[Start of Attachment]

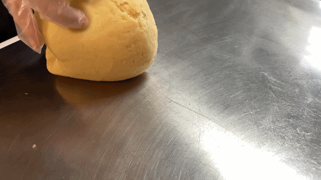 随后加入十来种配料,上好的安佳黄油和云南当地的蜂蜜等。反复搅拌,再人工手揉上劲。![]()
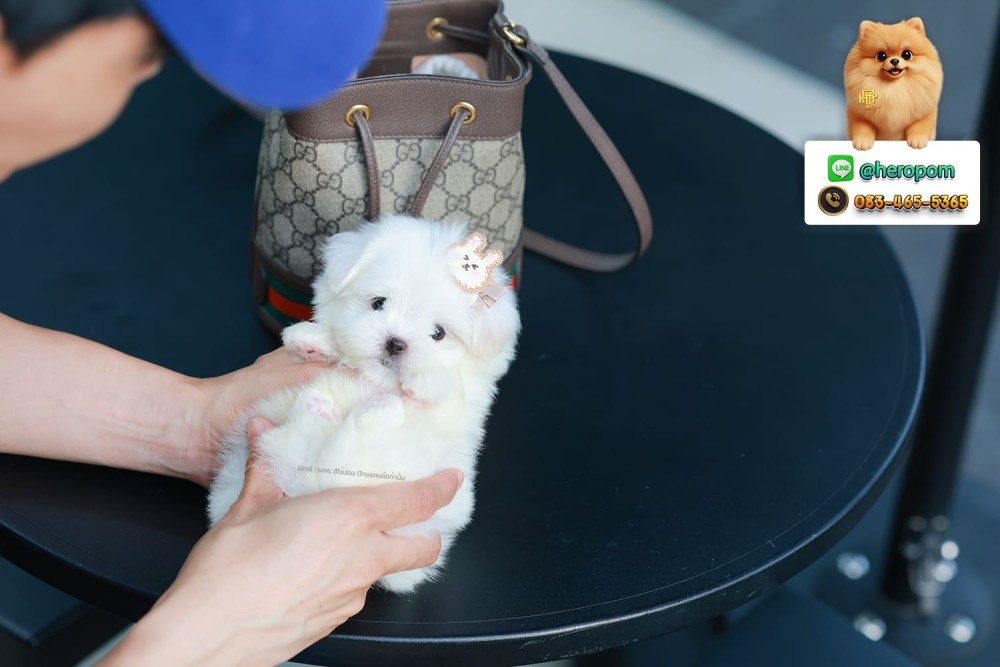 มอลทีส MTM-10564 เพศชาย สีขาว ตัวเล็กตัวน้อยมาก ๆ ขาสั้น ขนแน่นฟู หน้าตาทะเล้น น่ารักมาก ๆ ยิ้มเก่ง ขยันแจกความน่ารักสุด ๆ สายเลือดนำเข้า มีใบรับรองจากสมาคมพัฒนาพันธุ์สุนัข (ใบเพ็ดดีกรีเต็มใบ) ส่งทั่วประเทศ
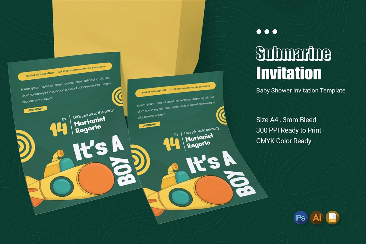 **Submarine Greenie Baby Shower Invitation**
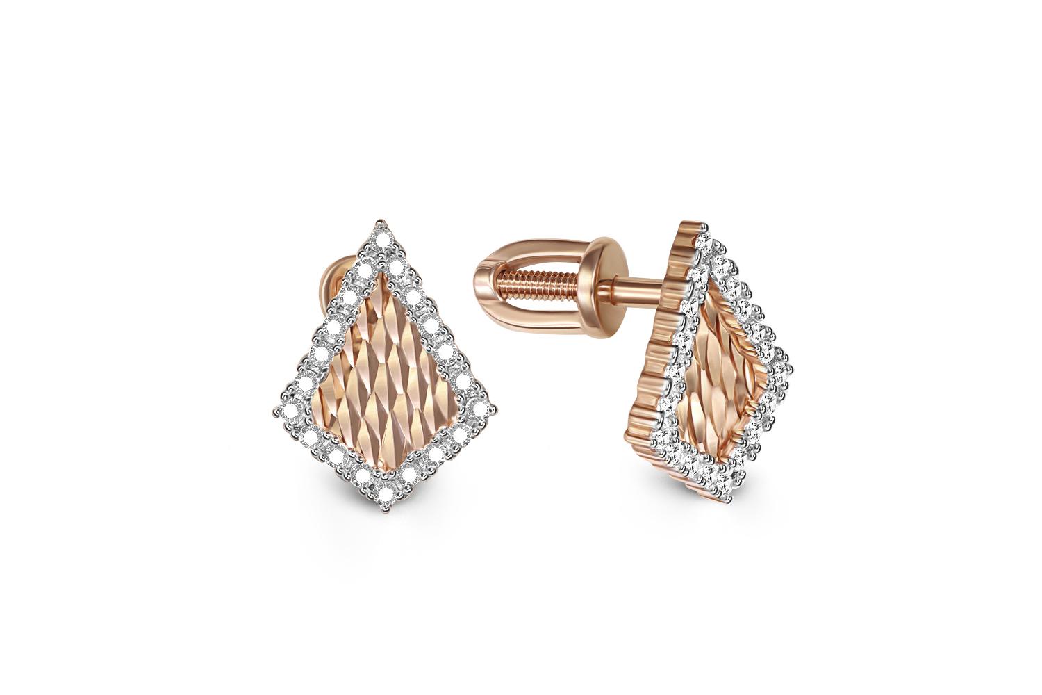 Мастера компании NEWGOLD, приложив всё свое мастерство и искусство, создали для Вас на нашем собственном производстве Серьги-пусеты из красного золота с 40 фианитами.

[End of Attachment]

EXERCISE DETAILS: Each line above is to be copied verbatim. Drop any image from the copy.

RESPONSE AREA:
 随后加入十来种配料,上好的安佳黄油和云南当地的蜂蜜等。反复搅拌,再人工手揉上劲。![]()
 มอลทีส MTM-10564 เพศชาย สีขาว ตัวเล็กตัวน้อยมาก ๆ ขาสั้น ขนแน่นฟู หน้าตาทะเล้น น่ารักมาก ๆ ยิ้มเก่ง ขยันแจกความน่ารักสุด ๆ สายเลือดนำเข้า มีใบรับรองจากสมาคมพัฒนาพันธุ์สุนัข (ใบเพ็ดดีกรีเต็มใบ) ส่งทั่วประเทศ
 **Submarine Greenie Baby Shower Invitation**
 Мастера компании NEWGOLD, приложив всё свое мастерство и искусство, создали для Вас на нашем собственном производстве Серьги-пусеты из красного золота с 40 фианитами.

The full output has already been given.